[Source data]
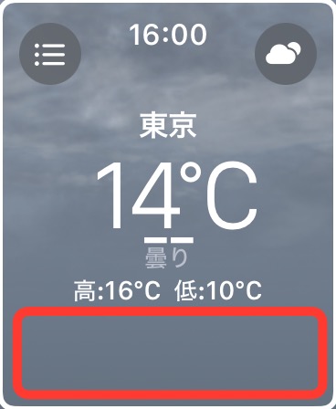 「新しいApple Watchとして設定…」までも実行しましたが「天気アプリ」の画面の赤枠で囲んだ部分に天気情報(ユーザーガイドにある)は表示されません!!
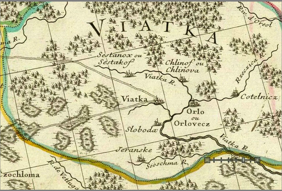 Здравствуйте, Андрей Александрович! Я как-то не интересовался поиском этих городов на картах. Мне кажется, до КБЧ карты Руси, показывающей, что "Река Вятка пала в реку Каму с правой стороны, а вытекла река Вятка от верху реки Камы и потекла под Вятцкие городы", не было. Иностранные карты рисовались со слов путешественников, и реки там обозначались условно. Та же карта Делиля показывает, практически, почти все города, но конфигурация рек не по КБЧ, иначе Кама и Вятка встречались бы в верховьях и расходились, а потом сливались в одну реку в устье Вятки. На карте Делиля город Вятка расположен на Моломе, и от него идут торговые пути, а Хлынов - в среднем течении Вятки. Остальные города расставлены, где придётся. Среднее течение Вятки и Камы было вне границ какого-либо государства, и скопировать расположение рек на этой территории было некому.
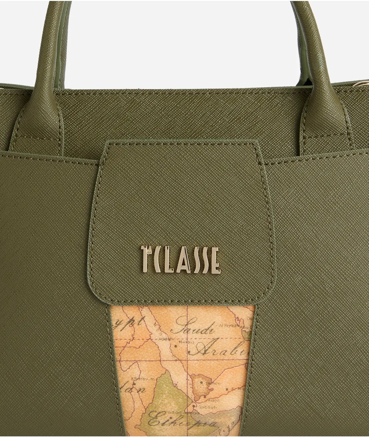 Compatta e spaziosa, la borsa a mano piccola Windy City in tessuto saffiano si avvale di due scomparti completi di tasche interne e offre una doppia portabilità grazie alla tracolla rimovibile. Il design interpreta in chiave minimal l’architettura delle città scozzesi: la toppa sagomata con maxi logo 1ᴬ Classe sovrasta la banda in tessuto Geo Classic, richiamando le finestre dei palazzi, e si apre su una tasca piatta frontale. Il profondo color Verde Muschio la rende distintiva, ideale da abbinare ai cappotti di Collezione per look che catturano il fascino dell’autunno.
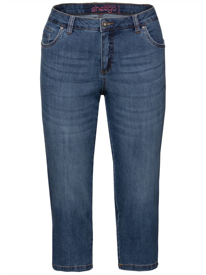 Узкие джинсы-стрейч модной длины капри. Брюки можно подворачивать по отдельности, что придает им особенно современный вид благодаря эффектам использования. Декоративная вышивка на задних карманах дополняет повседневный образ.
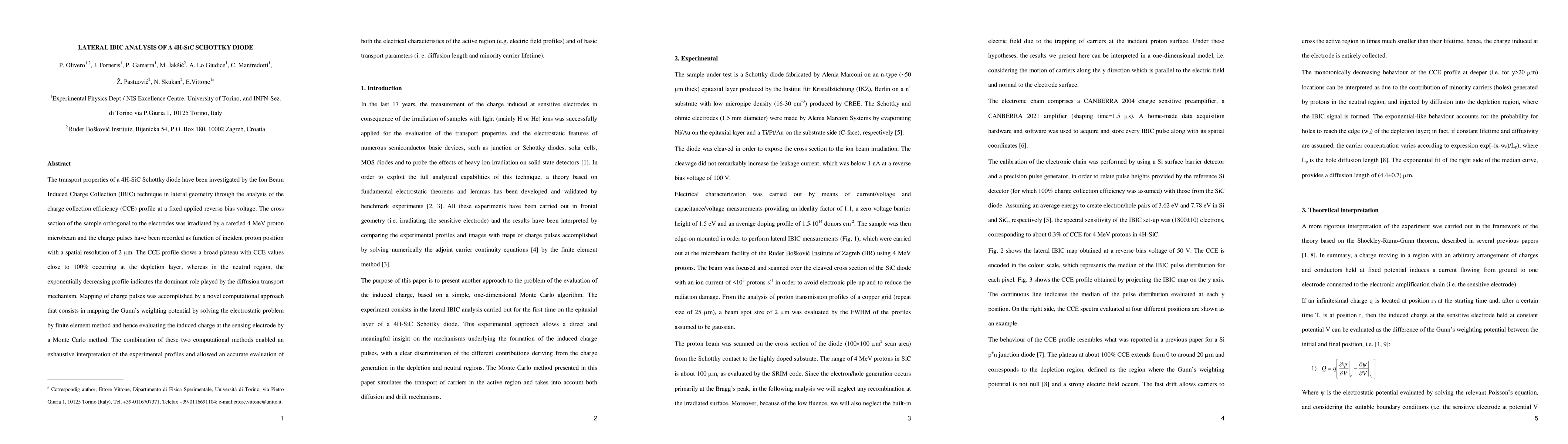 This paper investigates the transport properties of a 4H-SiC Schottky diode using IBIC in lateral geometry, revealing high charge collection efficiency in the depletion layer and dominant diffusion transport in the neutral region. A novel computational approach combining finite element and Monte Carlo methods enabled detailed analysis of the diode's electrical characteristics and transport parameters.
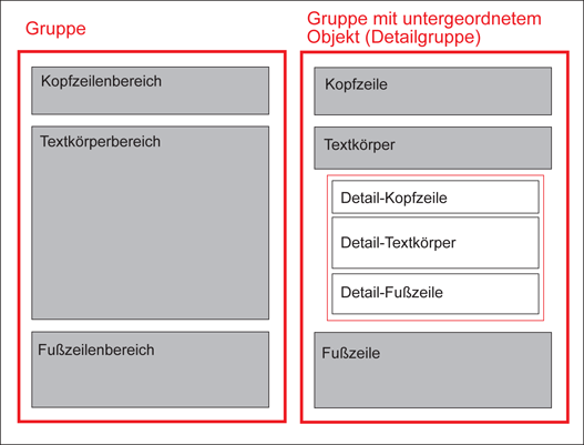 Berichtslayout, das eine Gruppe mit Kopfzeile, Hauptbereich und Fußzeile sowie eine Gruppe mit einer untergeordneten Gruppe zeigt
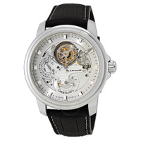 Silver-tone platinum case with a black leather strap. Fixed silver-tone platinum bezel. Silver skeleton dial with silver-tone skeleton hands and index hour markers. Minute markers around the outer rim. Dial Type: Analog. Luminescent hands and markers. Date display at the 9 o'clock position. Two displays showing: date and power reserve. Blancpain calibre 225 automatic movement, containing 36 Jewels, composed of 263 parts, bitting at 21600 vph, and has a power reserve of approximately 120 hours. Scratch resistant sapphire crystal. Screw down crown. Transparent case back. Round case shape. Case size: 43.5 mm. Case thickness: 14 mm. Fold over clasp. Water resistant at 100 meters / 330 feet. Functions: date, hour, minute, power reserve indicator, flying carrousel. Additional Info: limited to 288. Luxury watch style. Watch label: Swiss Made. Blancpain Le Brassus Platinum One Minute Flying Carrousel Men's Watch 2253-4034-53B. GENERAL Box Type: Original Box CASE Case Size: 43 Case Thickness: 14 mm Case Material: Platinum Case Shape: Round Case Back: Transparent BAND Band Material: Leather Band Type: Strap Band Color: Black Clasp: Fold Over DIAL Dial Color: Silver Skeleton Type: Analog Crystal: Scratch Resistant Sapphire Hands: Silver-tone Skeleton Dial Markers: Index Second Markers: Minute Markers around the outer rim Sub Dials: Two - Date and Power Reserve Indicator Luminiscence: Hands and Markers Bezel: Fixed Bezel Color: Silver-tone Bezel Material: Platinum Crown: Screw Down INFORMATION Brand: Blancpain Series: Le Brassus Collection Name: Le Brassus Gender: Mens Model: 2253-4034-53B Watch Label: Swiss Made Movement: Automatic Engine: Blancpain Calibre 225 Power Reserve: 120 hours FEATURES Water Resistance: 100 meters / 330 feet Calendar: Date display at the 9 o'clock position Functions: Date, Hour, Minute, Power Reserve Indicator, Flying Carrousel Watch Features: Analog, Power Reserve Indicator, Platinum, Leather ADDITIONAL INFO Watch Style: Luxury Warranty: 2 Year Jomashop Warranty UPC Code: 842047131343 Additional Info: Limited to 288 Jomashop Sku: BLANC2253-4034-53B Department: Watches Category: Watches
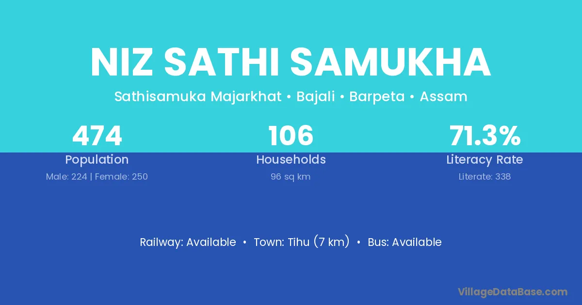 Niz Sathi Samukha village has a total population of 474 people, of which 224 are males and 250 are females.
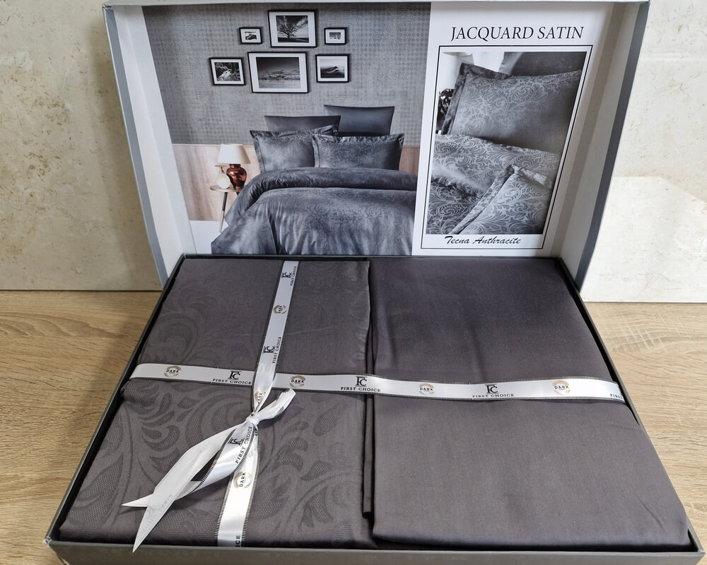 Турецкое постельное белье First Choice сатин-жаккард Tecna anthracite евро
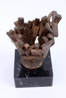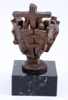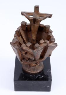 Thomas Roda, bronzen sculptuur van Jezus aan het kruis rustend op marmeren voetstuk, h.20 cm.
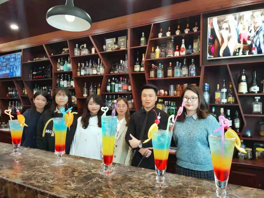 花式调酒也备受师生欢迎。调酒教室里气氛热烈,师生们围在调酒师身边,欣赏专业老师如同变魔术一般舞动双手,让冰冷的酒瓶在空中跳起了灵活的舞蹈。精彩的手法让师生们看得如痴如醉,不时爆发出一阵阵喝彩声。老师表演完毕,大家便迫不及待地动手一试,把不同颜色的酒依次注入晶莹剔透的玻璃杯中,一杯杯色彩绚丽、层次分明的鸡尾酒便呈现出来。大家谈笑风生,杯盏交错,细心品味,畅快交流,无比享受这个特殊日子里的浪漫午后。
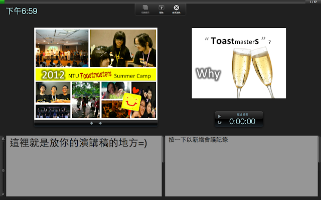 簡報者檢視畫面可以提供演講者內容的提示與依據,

# WHAT IS REQUIRED
All the lines above are to be given again exactly as they read, with the pictures removed.

# YOUR RESPONSE
 「新しいApple Watchとして設定…」までも実行しましたが「天気アプリ」の画面の赤枠で囲んだ部分に天気情報(ユーザーガイドにある)は表示されません!!
 Здравствуйте, Андрей Александрович! Я как-то не интересовался поиском этих городов на картах. Мне кажется, до КБЧ карты Руси, показывающей, что "Река Вятка пала в реку Каму с правой стороны, а вытекла река Вятка от верху реки Камы и потекла под Вятцкие городы", не было. Иностранные карты рисовались со слов путешественников, и реки там обозначались условно. Та же карта Делиля показывает, практически, почти все города, но конфигурация рек не по КБЧ, иначе Кама и Вятка встречались бы в верховьях и расходились, а потом сливались в одну реку в устье Вятки. На карте Делиля город Вятка расположен на Моломе, и от него идут торговые пути, а Хлынов - в среднем течении Вятки. Остальные города расставлены, где придётся. Среднее течение Вятки и Камы было вне границ какого-либо государства, и скопировать расположение рек на этой территории было некому.
 Compatta e spaziosa, la borsa a mano piccola Windy City in tessuto saffiano si avvale di due scomparti completi di tasche interne e offre una doppia portabilità grazie alla tracolla rimovibile. Il design interpreta in chiave minimal l’architettura delle città scozzesi: la toppa sagomata con maxi logo 1ᴬ Classe sovrasta la banda in tessuto Geo Classic, richiamando le finestre dei palazzi, e si apre su una tasca piatta frontale. Il profondo color Verde Muschio la rende distintiva, ideale da abbinare ai cappotti di Collezione per look che catturano il fascino dell’autunno.
 Узкие джинсы-стрейч модной длины капри. Брюки можно подворачивать по отдельности, что придает им особенно современный вид благодаря эффектам использования. Декоративная вышивка на задних карманах дополняет повседневный образ.
 This paper investigates the transport properties of a 4H-SiC Schottky diode using IBIC in lateral geometry, revealing high charge collection efficiency in the depletion layer and dominant diffusion transport in the neutral region. A novel computational approach combining finite element and Monte Carlo methods enabled detailed analysis of the diode's electrical characteristics and transport parameters.
 Berichtslayout, das eine Gruppe mit Kopfzeile, Hauptbereich und Fußzeile sowie eine Gruppe mit einer untergeordneten Gruppe zeigt
 Silver-tone platinum case with a black leather strap. Fixed silver-tone platinum bezel. Silver skeleton dial with silver-tone skeleton hands and index hour markers. Minute markers around the outer rim. Dial Type: Analog. Luminescent hands and markers. Date display at the 9 o'clock position. Two displays showing: date and power reserve. Blancpain calibre 225 automatic movement, containing 36 Jewels, composed of 263 parts, bitting at 21600 vph, and has a power reserve of approximately 120 hours. Scratch resistant sapphire crystal. Screw down crown. Transparent case back. Round case shape. Case size: 43.5 mm. Case thickness: 14 mm. Fold over clasp. Water resistant at 100 meters / 330 feet. Functions: date, hour, minute, power reserve indicator, flying carrousel. Additional Info: limited to 288. Luxury watch style. Watch label: Swiss Made. Blancpain Le Brassus Platinum One Minute Flying Carrousel Men's Watch 2253-4034-53B. GENERAL Box Type: Original Box CASE Case Size: 43 Case Thickness: 14 mm Case Material: Platinum Case Shape: Round Case Back: Transparent BAND Band Material: Leather Band Type: Strap Band Color: Black Clasp: Fold Over DIAL Dial Color: Silver Skeleton Type: Analog Crystal: Scratch Resistant Sapphire Hands: Silver-tone Skeleton Dial Markers: Index Second Markers: Minute Markers around the outer rim Sub Dials: Two - Date and Power Reserve Indicator Luminiscence: Hands and Markers Bezel: Fixed Bezel Color: Silver-tone Bezel Material: Platinum Crown: Screw Down INFORMATION Brand: Blancpain Series: Le Brassus Collection Name: Le Brassus Gender: Mens Model: 2253-4034-53B Watch Label: Swiss Made Movement: Automatic Engine: Blancpain Calibre 225 Power Reserve: 120 hours FEATURES Water Resistance: 100 meters / 330 feet Calendar: Date display at the 9 o'clock position Functions: Date, Hour, Minute, Power Reserve Indicator, Flying Carrousel Watch Features: Analog, Power Reserve Indicator, Platinum, Leather ADDITIONAL INFO Watch Style: Luxury Warranty: 2 Year Jomashop Warranty UPC Code: 842047131343 Additional Info: Limited to 288 Jomashop Sku: BLANC2253-4034-53B Department: Watches Category: Watches
 Niz Sathi Samukha village has a total population of 474 people, of which 224 are males and 250 are females.
 Турецкое постельное белье First Choice сатин-жаккард Tecna anthracite евро
 Thomas Roda, bronzen sculptuur van Jezus aan het kruis rustend op marmeren voetstuk, h.20 cm.
 花式调酒也备受师生欢迎。调酒教室里气氛热烈,师生们围在调酒师身边,欣赏专业老师如同变魔术一般舞动双手,让冰冷的酒瓶在空中跳起了灵活的舞蹈。精彩的手法让师生们看得如痴如醉,不时爆发出一阵阵喝彩声。老师表演完毕,大家便迫不及待地动手一试,把不同颜色的酒依次注入晶莹剔透的玻璃杯中,一杯杯色彩绚丽、层次分明的鸡尾酒便呈现出来。大家谈笑风生,杯盏交错,细心品味,畅快交流,无比享受这个特殊日子里的浪漫午后。
 簡報者檢視畫面可以提供演講者內容的提示與依據,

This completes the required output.